Monday, August 17, 2009

Chartres Cathedral




Friday, August 14, 2009

Bernie’s wanted to see this cathedral for decades. If you’ve studied history, art history, architecture, or half a dozen other areas, you’ve been exposed to Chartres Cathedral.





If you read Ken Follett’s Pillars of the Earth or World Without End, you’ve been obliquely introduced to Chartres. And after reading either of those you could stand here and, amidst the 21st century crowds, see the stonemasons and builders, the townspeople and pilgrims, the hawkers and merchants of the 12th and 13th centuries.

All this is on my mind as we leave our car in a parking building just around the corner from the cathedral. “Be sure your wallet is secure here,” I say. “Thieves have been hanging around here for almost 1000 years.” On the square in front of the church I see the restaurants and souvenir shops and think again that people have been selling food and souvenirs here for nearly ten centuries.

All that dry description in books of the amazing heights the builders achieved with everything pointing toward heaven to remind the peasants of God’s glory fail to prepare you for the real thing.

Our eyes are drawn upward to the vaulted ceilings. I think it would be impossible not to be inspired, looking up in this vast hushed space in which our steps echo even though hundreds of people walk silently around us.

Many people are barefoot, walking the labyrinth in prayer, as did pilgrims in the Middle Ages, symbolizing Jesus’ pilgrimage to Jerusalem.

The stained-glass windows seem more accessible here than at Notre Dame. I am ashamed to confess that I have often not been able to grasp the artistry, craftsmanship, inventiveness and intellect of these people of previous centuries, as if they were not as bright or capable as we of the modern world are. Looking at these exquisite creations I am aware of how far off the mark my thinking has been. I can hardly take my eyes off beautiful “Chartres blue” glass, made by master stained glass makers in the twelfth century. The colors are so rich, so clear and bright - but those words are inadequate.
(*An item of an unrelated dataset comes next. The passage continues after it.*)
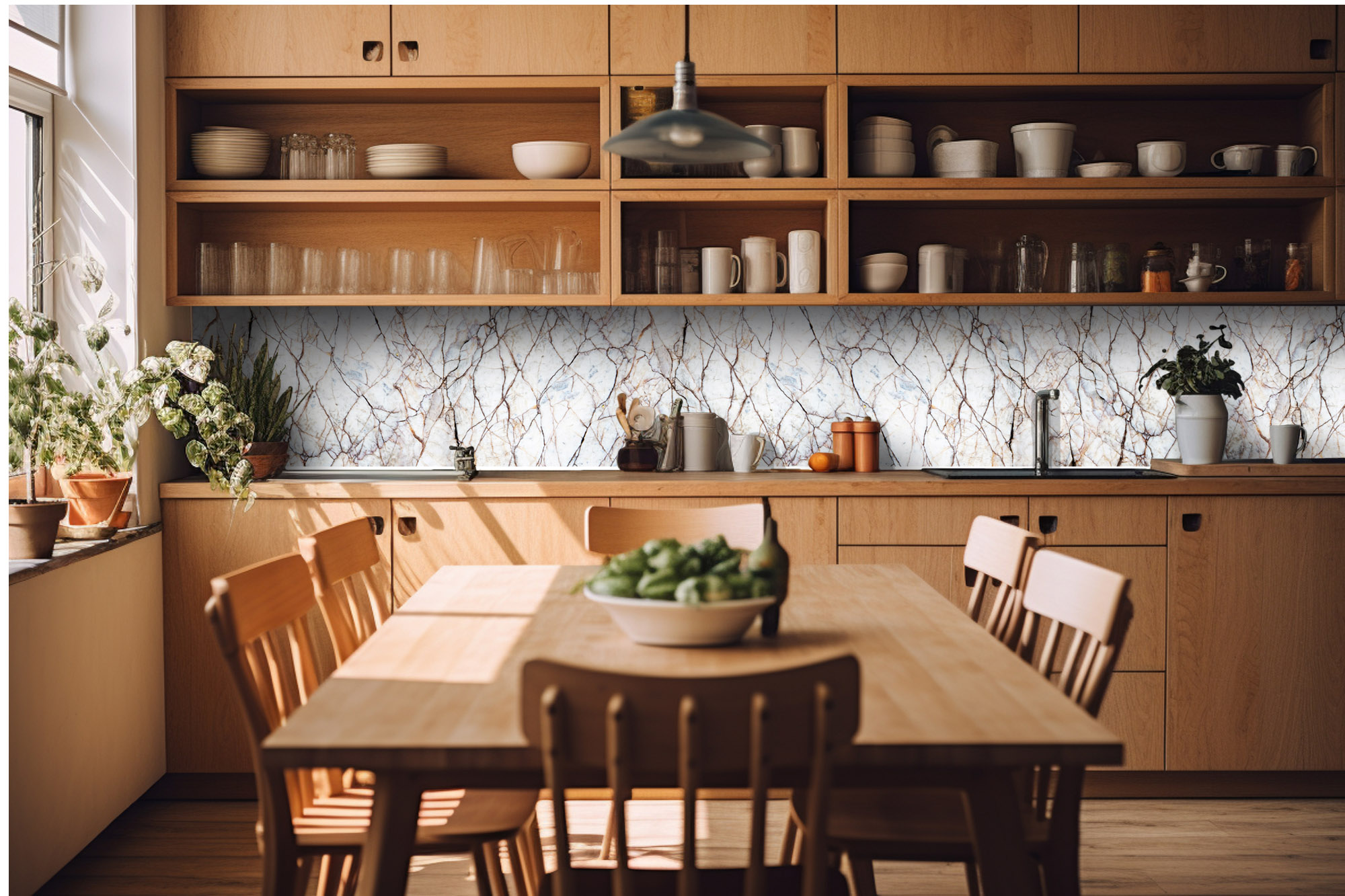 Fototapetele autoadezive pentru bucătărie cu motive de natură, pietre prețioase sau abstracte oferă bucătăriei dvs. nu doar un aspect modern care luminează întregul spațiu, ci și fac momentele prețioase petrecute aici cu familia sau prietenii mai plăcute. Stickerele pentru bucătărie DIMEX LINE se remarcă prin calitate superioară.

After we’ve walked around the perimeter, stood in the transept, and peeked in the beautiful side chapels, including the one that holds Mary’s veil, Bernie and I seek out walls and columns that have not been restored, like this column with a small chunk out of the base. We touch the surface, here worn to a silky texture by the thousands of hands that have traced along the circle of marble.

We feel we’re connected to those men and women. They lived out their lives as peasants or kings, believers or power-seekers, eager to do God’s will or to bend God to their purposes, but they all came to Chartres, and now we have come.